The RNA-Seq protocol first starts with total RNA isolation. DNA and solvent contaminations have to be avoided. After RNA isolation, ribosomal RNA is removed. It represents a high proportion of total RNA and will use up precious sequencing reads. Depending on which kind of RNAs have to be detected, mRNA enrichment can be performed using poly(A) selection or ribosomal depletion can be used to remove a particular species of rRNA. NGS technology, like PCR, uses double-stranded DNA for library preparation. So first, RNA is converted into cDNA via reverse transcription. Sequencing indexes are then added by ligation and the library is amplified by PCR and sequenced. We will detail the protocol later in the article.
Development of Bulk and Single-Cell RNA-Seq Assays
Initial development of RNA-Seq greatly benefited the study of small/non-coding RNAs. Microarrays were not a good fit for small non-coding RNA as oligonucleotide sequences on microarrays were based on existing genome sequences, particularly coding genes. Also, small RNAs were too short to be captured on a chip. One of the first studies using RNA pyrosequencing was led by Bartel DP. at the MIT, using C. elegans samples. This study, which sequenced ~400K small RNAs, enabled the discovery of 18 new microRNAs, thousands of siRNA, and a third class of small RNAs, called 21U-RNAs. These small 21U-RNAs are 21 nucleotides long with a 5’ uridine and mapped to two different regions of chromosome IV either between coding genes or within introns.

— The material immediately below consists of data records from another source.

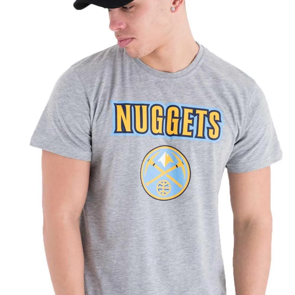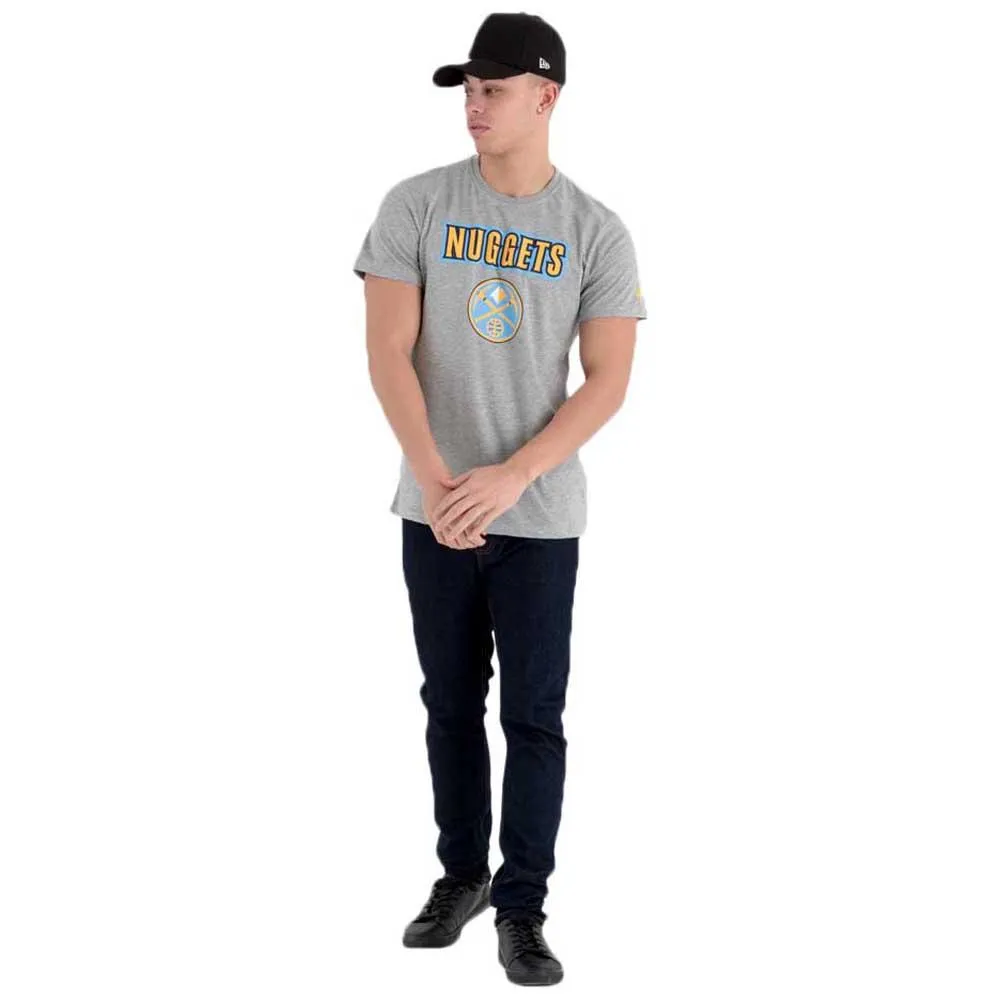 100% cotton jersey 160 gsm tee featuring Denver Nuggets team wordmark and logo pigment print to center front and New Era Flag direct embroidery to sleeve.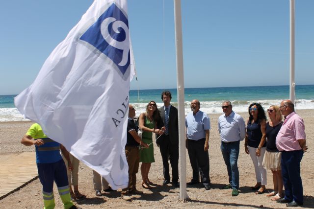 El consejero de Industria, Turismo, Empresa e Innovación, Juan Carlos Ruiz, acompañado del alcalde de Mazarrón, Francisco García, y la directora del Instituto de Turismo, Mariola Martínez, ha izado hoy la bandera azul, la de la Q de Calidad y la de Ecoplaya en la playa del Castellar de Mazarrón.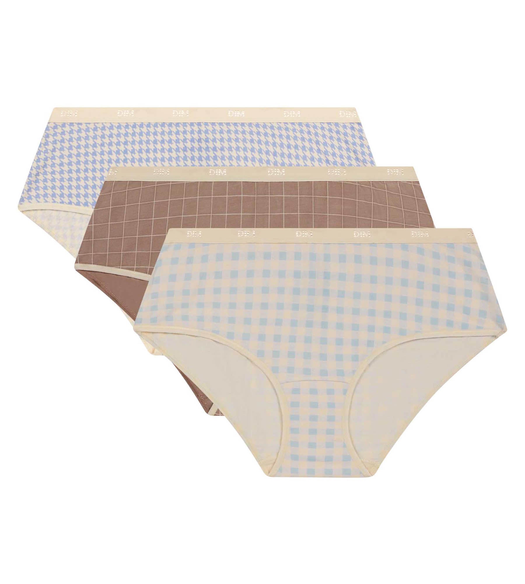Lot de 3 boxers femme motifs vichy Bleu Beige Les Pockets

The miRnome was further studied by the same group in Drosophila by integrating computational predictions of new microRNAs with RNA-Seq of small RNAs. Using pyrosequencing, almost 50% of predicted miRNAs were identified and 59 novel genes were discovered. The same sequencing data led to another publication where Ruby JG. et al. identified an alternative pathway for miRNA biogenesis. It turns out that some intronic miRNAs are able to bypass DROSHA cleavage and are translated as pre-miR called “mirtrons.” Fourteen mirtrons were discovered in Drosophila and four in C. elegans. At the same time, Lai EC’s group from the Memorial Sloan-Kettering Cancer Center in New-York confirmed this alternative miR biogenesis pathway in another publication.
Large-scale RNA-Seq experiments not only brought a lot of new findings to the field of non-coding RNA but also to transcriptomics by improving genome annotations. These revealed that the transcribed genome regions are wider than previously expected. However, like for other bulk experiments, bulk RNA-Seq can have some limitations for heterogeneous samples, including organs, biopsies, or during dynamic processes such as development and differentiation. In 2011, Linnarsson S.‘s team developed a protocol to barcode individual cells during the reverse transcription step. Single-cells (ES R1 and MEF cells) were loaded in a 96-well plate and lysed. RNAs were reverse transcribed to generate cDNA. Unique helper oligos were then used to incorporate a specific sequence at the 3’ end of the cDNA. Despite difficulties in detecting alternative splicing, mRNA expression level was similar to qPCR results. Generating a two-dimensional cell map, the researchers highlighted gene expression patterns specific for each cell line.
The quantity of starting material needed for bulk RNA-Seq can also be an issue. In 2009, Tang F. et al. published the first protocol for scRNA-Seq. They were able to analyze mRNA expression in one single mouse blastomere. They identified 75% more genes than with microarrays and discovered 1753 spliced junctions. They further analyzed the effects of miRNAs on mRNA expression by depleting Dicer1 or Ago2 genes in oocytes. They observed an upregulation of more than 1500 genes with 619 genes in common.
These two pioneered publications brought a new technology that is still in development. Whereas bulk RNA-Seq is quite straightforward to analyze the transcriptome, scRNA-Seq gives more information about the variations of the transcriptome during evolving processes (healthy or pathologic).
How Do Single-Cell RNA-Seq Protocols Work?
The scRNA-Seq workflow is more or less similar to the scATAC-seq workflow except for the nuclei isolation step, since RNAs are located in the cytoplasm. Cells are sorted, RNAs are tagged with a barcode and reverse transcribed. All RNAs from the same cells are tagged with the same barcode. Cells can then be pooled together and cDNA amplified to prepare the sequencing library.
Single Cell Partitioning
Cell preparation is the first and the most important part of the scRNA-Seq protocol. To obtain a single-cell suspension, cells need to be gently mixed by pipetting to avoid any clumps and must be filtered to remove debris. High quality starting material is key to obtaining the most sensitive scRNA-Seq data. Whereas the preparation can be easy for cell lines or suspension cells, it can be more challenging for tissues. Indeed, the high tempertures required for a standard protease digestion can activate different pathways and thus completely alter the transcriptome profile. However, successful protocols which preserve the transcriptome profile are well documented in several publications for tumors, bone, bone marrow, and fresh-frozen tissues.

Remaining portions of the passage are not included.